MobileRead Forums - View Single Post - Regular expression for removing blanks between letters

Tex2002ans · 01-29-2021, 07:56 PM

Quote:

Originally Posted by Ghitulescu

as most words are 4+ letters long.

And if you give more real-life examples, then the regex can be made more robust.

I tested both steps on the examples I gave, and it works perfectly fine on any 2+ single letters (not "a", "A", or "I") next to each other.

Quote:

Originally Posted by Ghitulescu

Lucky me: where blanks are (whitespaces), the OCR inserts a double-space.

Good to hear. If those two-spaces only occur in the letterspaced words... then your life is easier, no fancy regex needed!

And can I ask:

Which OCR are you using?

Can you share an example page or something from this specific book?

I'd be interested in taking a look.

Quote:

Originally Posted by Ghitulescu

Also, being foreign language, the elimination of I (first person) would have been counterproductive (lots of foreign glyphs are OCRed as I, for instance ïìîı, because they are longer than i, also l is considered as I in sans-serif fonts).

Which language?
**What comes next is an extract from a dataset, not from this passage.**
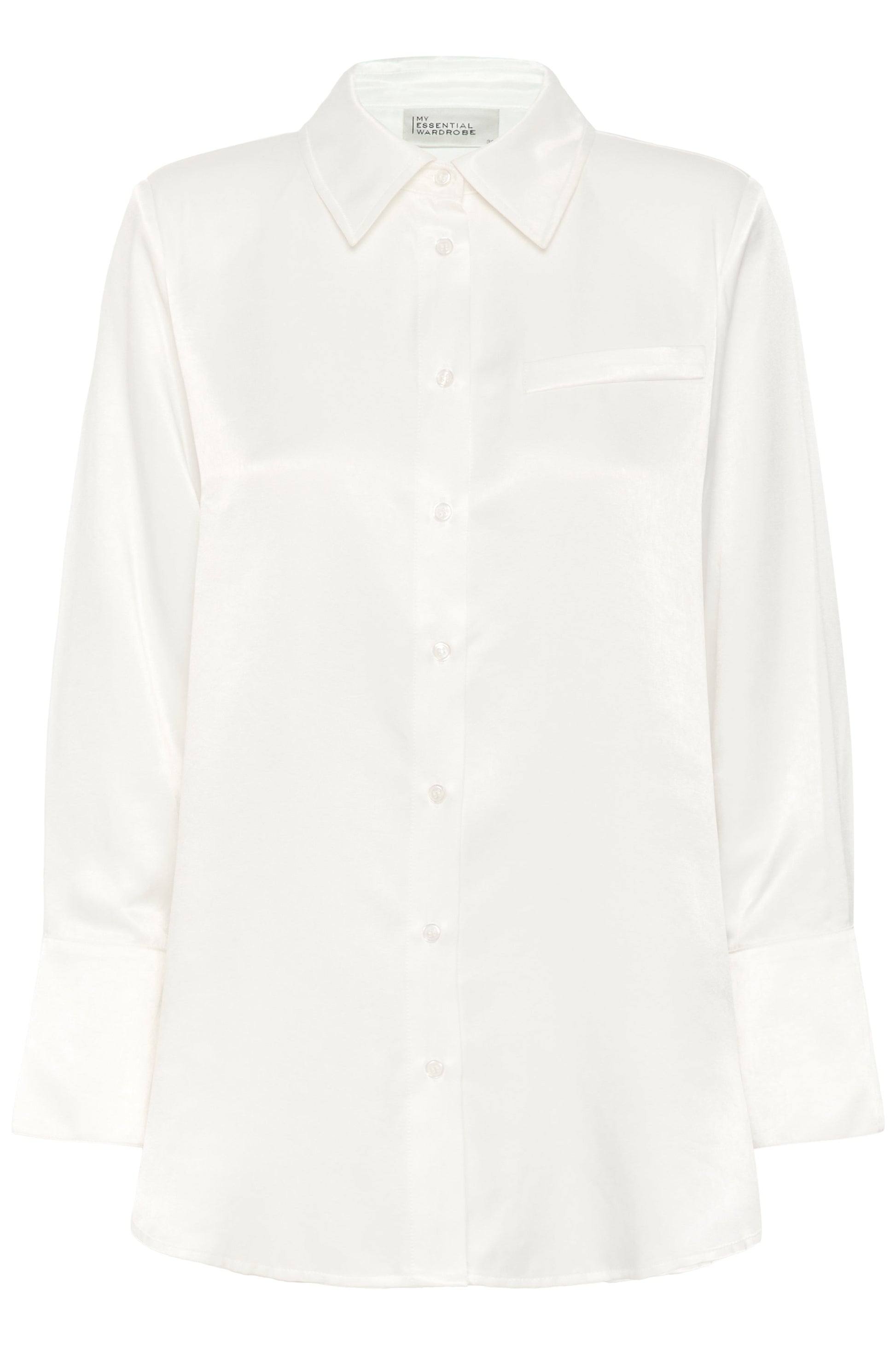 En elegant, lang satinsskjorte fra My Essential Wardrobe med et let og løstsiddende snit. Skjorten har knaplukning ned langs fronten og manchetter, der slutter tæt ved håndleddene for et stilrent og feminint udtryk.

I was assuming English and no accents.

Yes, of course, different languages are going to have their own little single-letter-word quirks...

Like in Spanish, you'd want to avoid 'y' (since that = "and").
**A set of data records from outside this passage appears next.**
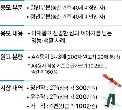 올해는 일반부문(40세 이상)과 청년부문(40세 미만)으로 작품을 모집한다. 분량은 A4용지 2~3매(200자 원고지로 환산하면 20매)며 주제는 ‘다채롭고 진솔한 삶의 이야기를 담은 영농·생활 사례’다. 예를 들어 ▲실패나 역경을 딛고 이겨낸 일화 ▲귀농·귀촌의 소소한 즐거움 ▲자신과 공동체의 성취 등을 솔직하게 쓰면 된다.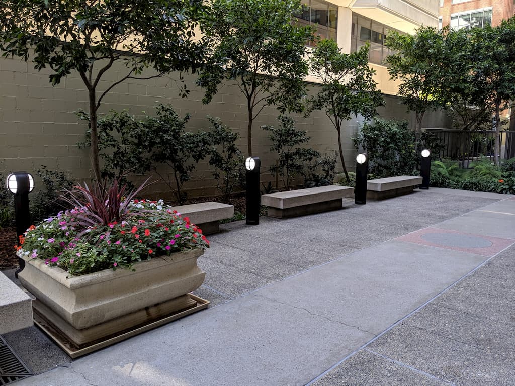As striking as the plaza is from the street, you can walk further back to find benches in the shade with cool lighting fixtures and a rectangular fountain, extending this beautiful public open space.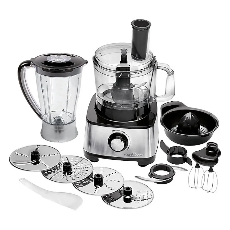Robot de cuisine ProfiCook PC-KM 1063, 1200 W, inserts interchangeables et disques en acier inoxydable, vitesse variable, fonction turbo, boîtier en acier inoxydable, 11 accessoires inclus.
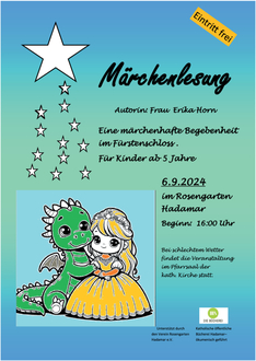 So werden sich alle kleinen und großen Zuhörer in das Fürstenschloss zu Hadamar versetzt fühlen, wo die Märchenprinzessin und ihr kleiner grüner Freund, der Drache, wohnten. Die Beiden trafen sich jeden Tag und verbrachten ihre Zeit gemeinsam mit Spielen, Basteln und auch mit Blödsinn machen. Doch eines Tages wartete der kleine Drache vergebens auf seine Freundin. Auch am nächsten und übernächsten Tag kam die kleine Prinzessin nicht in den Schlosshof.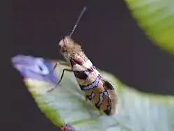 Sabatinca aurella is a species of moth of the family Micropterigidae.[1] It is endemic to New Zealand. The larvae of this species are variable in appearance but tend to be coloured yellow-green with greyish patches. The adults of the species have a pale golden appearance with silver or purple coloured bars on the forewings. The moth has an approximate wingspan of around 1 cm. This species is found from the Coromandel Peninsula to the Fox Glacier and is on the wing from September to January. A larval host species is the liverwort Heteroscyphus lingulatus. The preferred habitat of this species is at higher altitudes than other New Zealand endemic species in this genus; and the moth tends to prefer forest or subalpine grass or scrubland.

But then you would just swap out the [aAI] regex with a [yY] (or equivalent).

Accents, similar situation. You'll just have to make much uglier and harder-to-understand regex.

Quote:

Originally Posted by Ghitulescu

I know it was called letterspacing, but the use of this term would have forced me to rewrite the sentence once again

I tried to use simple words

Yep, it's just helpful when someone searches for a solution in the future for "how do I fix a gap between letters?".

Quote:

Originally Posted by JSWolf

Again do it by hand. What if you have something like "o n a bus"? You would end up with "ona bus"
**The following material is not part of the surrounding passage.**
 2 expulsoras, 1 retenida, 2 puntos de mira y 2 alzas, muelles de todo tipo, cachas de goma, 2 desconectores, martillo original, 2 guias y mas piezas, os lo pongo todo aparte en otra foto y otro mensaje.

You cannot regex this away. You have to do it by hand because you will combine letters/words you do not want to.

Use the regex for searching. But do the fixing by hand.

You can use Regex to do the vast bulk of the corrections, then manually fix the edge cases.

Better/faster to do:

95% correct with a 2-step regex.
5% manually find/correct/fix.

than:

100% manually fix.

And as usual, I've been pondering on how to get Spellcheck Lists to help you solve this issue more efficiently.

Instead of using a '+' or '¬', it might be better to use a period:

Code:

<p>A decent example of S.w.i.t.z.e.r.l.a.n.d that I found within a G.e.r.m.a.n example.</p>

This allows you to spot all of them easily in Sigil's or Calibre's Spellcheck Lists:

Click image for larger version

Name: Spellcheck.List.-.Letterspacing.Fix.png
Views: 538
Size: 7.4 KB
ID: 185083

Click image for larger version

Name: Spellcheck.List.-.Letterspacing.Fix.2.png
Views: 532
Size: 6.2 KB
ID: 185084

All merged words right there in a simple list.

Although the period will bring a few other minor issues (like "a.m." or "p.m."), but the amount of time you'll save is massive.